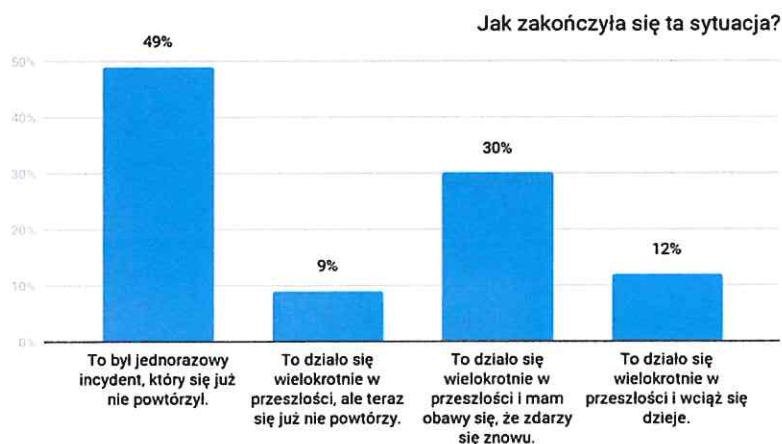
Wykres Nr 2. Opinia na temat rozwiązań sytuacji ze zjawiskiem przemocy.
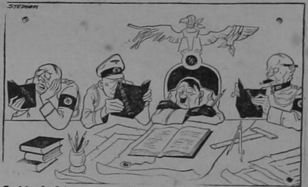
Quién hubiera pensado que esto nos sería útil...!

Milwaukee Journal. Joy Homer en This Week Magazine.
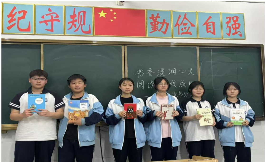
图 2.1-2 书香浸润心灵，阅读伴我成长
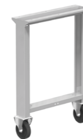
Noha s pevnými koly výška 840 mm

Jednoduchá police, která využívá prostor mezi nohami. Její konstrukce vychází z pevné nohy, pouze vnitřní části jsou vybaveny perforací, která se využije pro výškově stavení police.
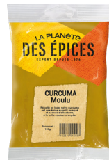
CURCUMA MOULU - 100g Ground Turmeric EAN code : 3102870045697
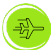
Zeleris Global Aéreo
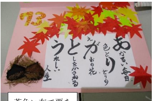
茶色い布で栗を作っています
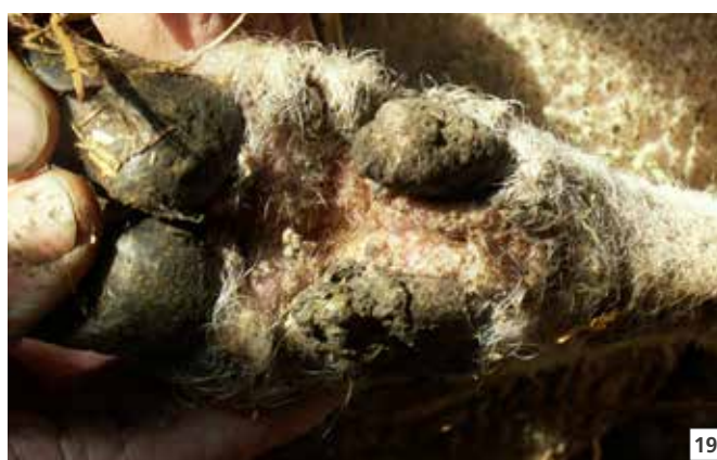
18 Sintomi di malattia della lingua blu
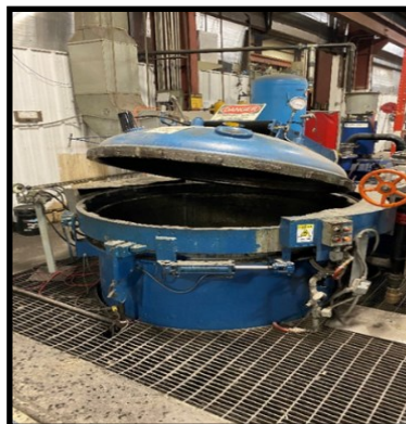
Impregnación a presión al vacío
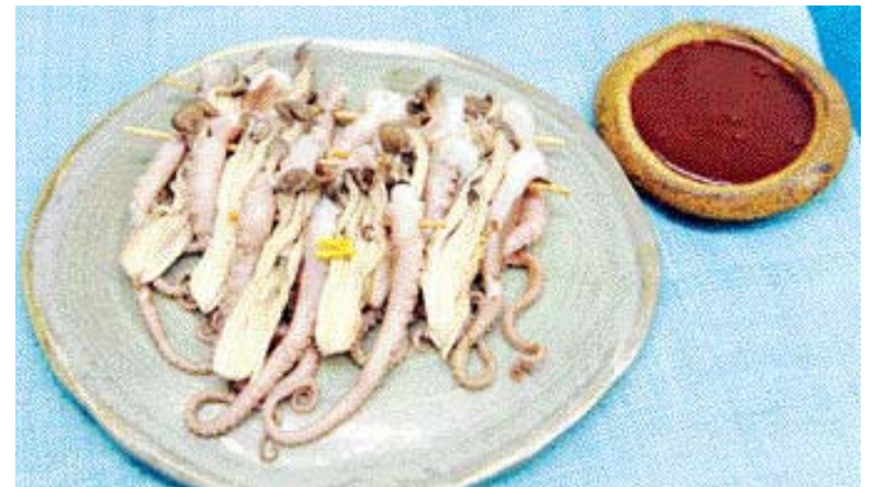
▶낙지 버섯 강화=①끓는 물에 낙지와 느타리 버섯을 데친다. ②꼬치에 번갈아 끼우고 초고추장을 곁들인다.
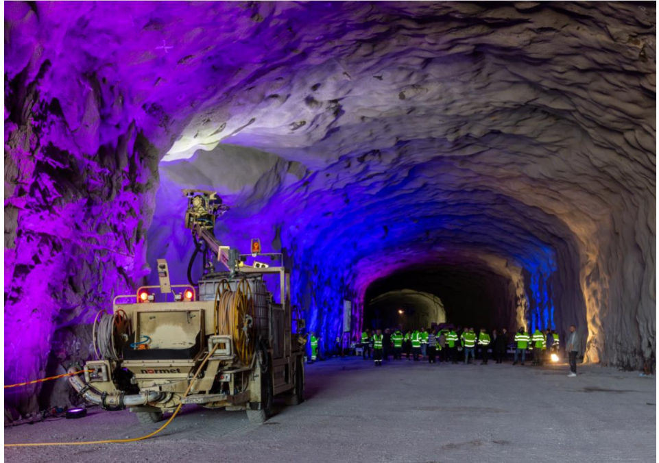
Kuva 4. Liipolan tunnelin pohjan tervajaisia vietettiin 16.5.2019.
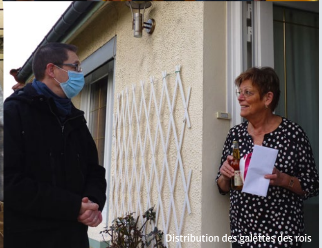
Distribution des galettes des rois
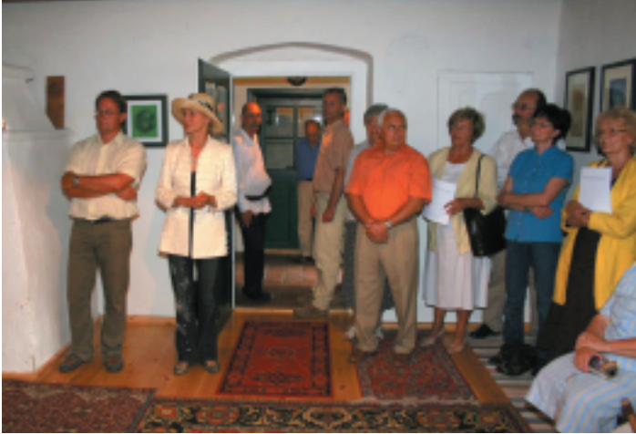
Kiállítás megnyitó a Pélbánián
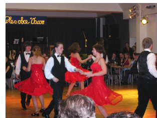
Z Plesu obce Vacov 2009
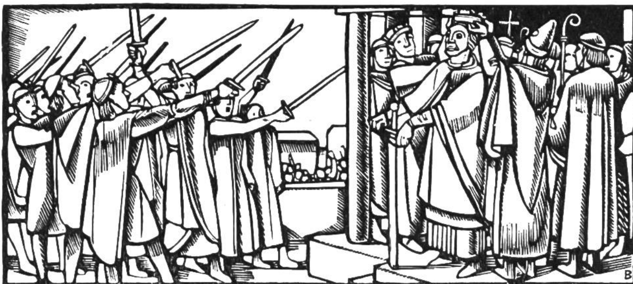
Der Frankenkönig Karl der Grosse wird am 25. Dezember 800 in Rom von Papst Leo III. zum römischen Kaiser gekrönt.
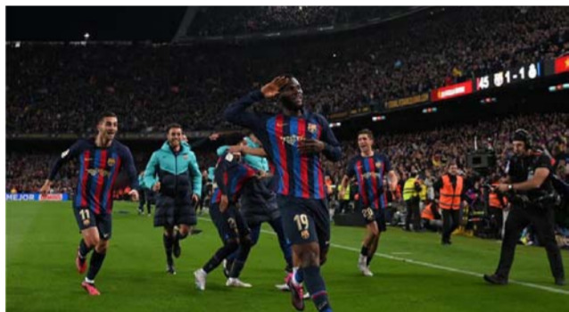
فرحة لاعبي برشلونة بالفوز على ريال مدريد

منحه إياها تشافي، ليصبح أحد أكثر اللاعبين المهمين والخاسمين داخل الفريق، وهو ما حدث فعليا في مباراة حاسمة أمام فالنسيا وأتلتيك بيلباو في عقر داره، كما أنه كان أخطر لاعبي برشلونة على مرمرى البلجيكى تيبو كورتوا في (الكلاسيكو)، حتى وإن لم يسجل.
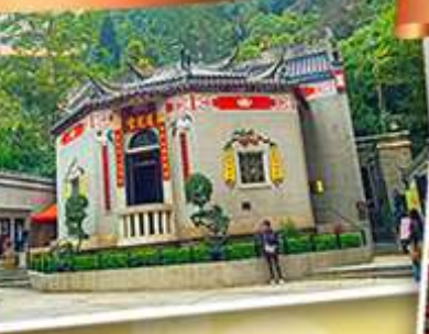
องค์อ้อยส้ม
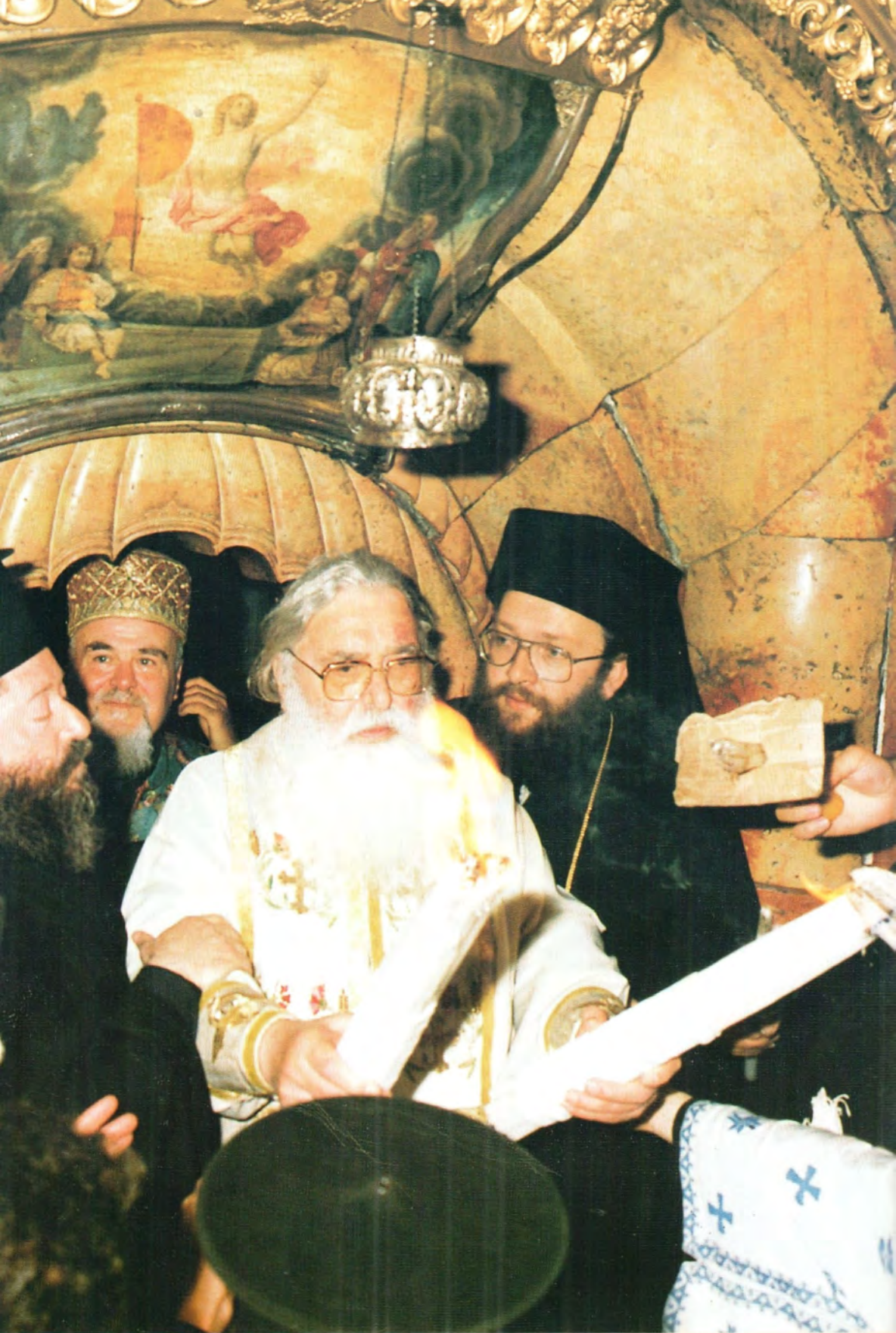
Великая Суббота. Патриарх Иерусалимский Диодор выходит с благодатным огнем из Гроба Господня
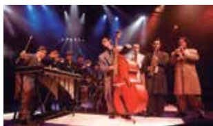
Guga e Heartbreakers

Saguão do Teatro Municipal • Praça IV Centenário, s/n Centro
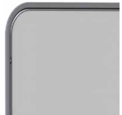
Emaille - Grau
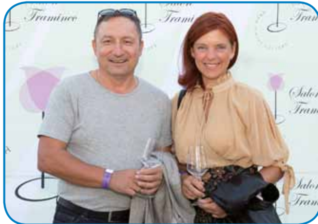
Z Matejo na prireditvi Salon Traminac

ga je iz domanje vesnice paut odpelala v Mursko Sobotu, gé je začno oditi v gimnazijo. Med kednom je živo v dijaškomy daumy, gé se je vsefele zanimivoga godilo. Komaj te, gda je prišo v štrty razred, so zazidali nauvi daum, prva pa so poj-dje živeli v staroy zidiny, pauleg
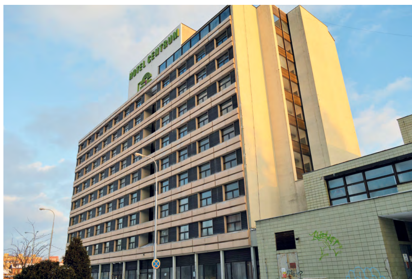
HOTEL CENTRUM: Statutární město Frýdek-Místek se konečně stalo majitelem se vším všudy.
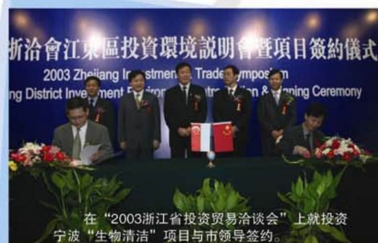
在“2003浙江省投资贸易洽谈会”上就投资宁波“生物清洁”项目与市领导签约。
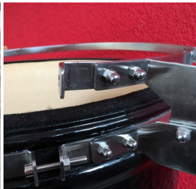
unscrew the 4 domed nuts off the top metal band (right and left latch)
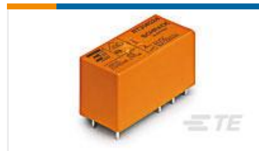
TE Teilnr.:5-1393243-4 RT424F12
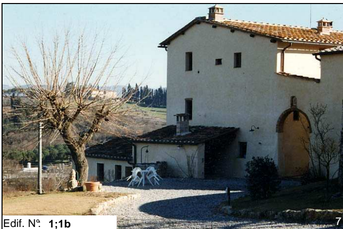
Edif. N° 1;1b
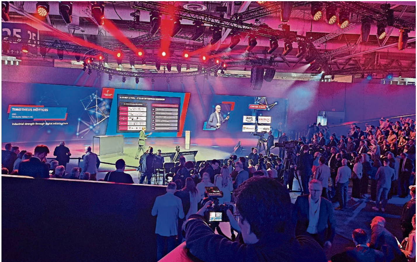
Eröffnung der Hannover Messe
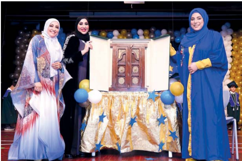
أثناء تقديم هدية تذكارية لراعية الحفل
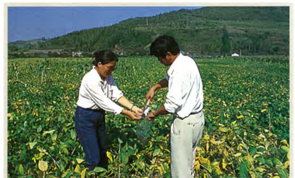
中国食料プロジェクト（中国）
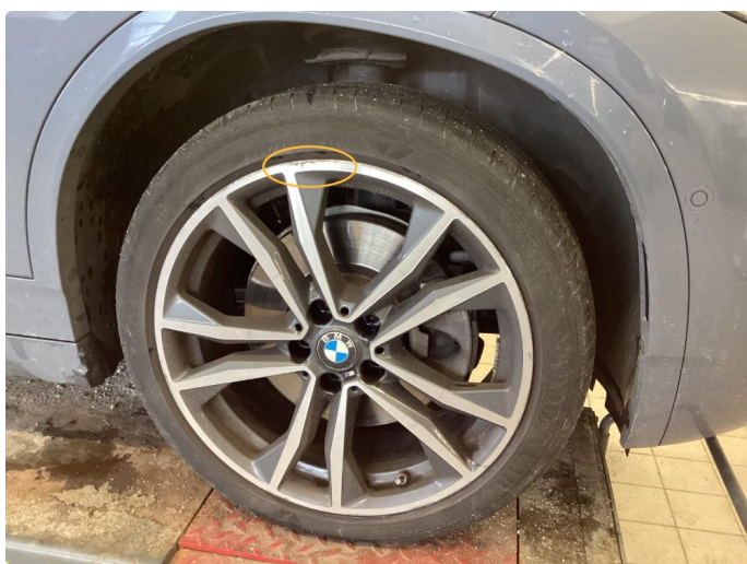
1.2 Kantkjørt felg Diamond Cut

********************

== WHAT TO WORK ON ==
Once the line containing "Emaille - Grau" is found, transcribe it and every line after it to the end of the records, exactly and with no pictures.

== WRITTEN SOLUTION ==
Emaille - Grau
Z Matejo na prireditvi Salon Traminac

ga je iz domanje vesnice paut odpelala v Mursko Sobotu, gé je začno oditi v gimnazijo. Med kednom je živo v dijaškomy daumy, gé se je vsefele zanimivoga godilo. Komaj te, gda je prišo v štrty razred, so zazidali nauvi daum, prva pa so poj-dje živeli v staroy zidiny, pauleg
HOTEL CENTRUM: Statutární město Frýdek-Místek se konečně stalo majitelem se vším všudy.
在“2003浙江省投资贸易洽谈会”上就投资宁波“生物清洁”项目与市领导签约。
unscrew the 4 domed nuts off the top metal band (right and left latch)
TE Teilnr.:5-1393243-4 RT424F12
Edif. N° 1;1b
Eröffnung der Hannover Messe
أثناء تقديم هدية تذكارية لراعية الحفل
中国食料プロジェクト（中国）
1.2 Kantkjørt felg Diamond Cut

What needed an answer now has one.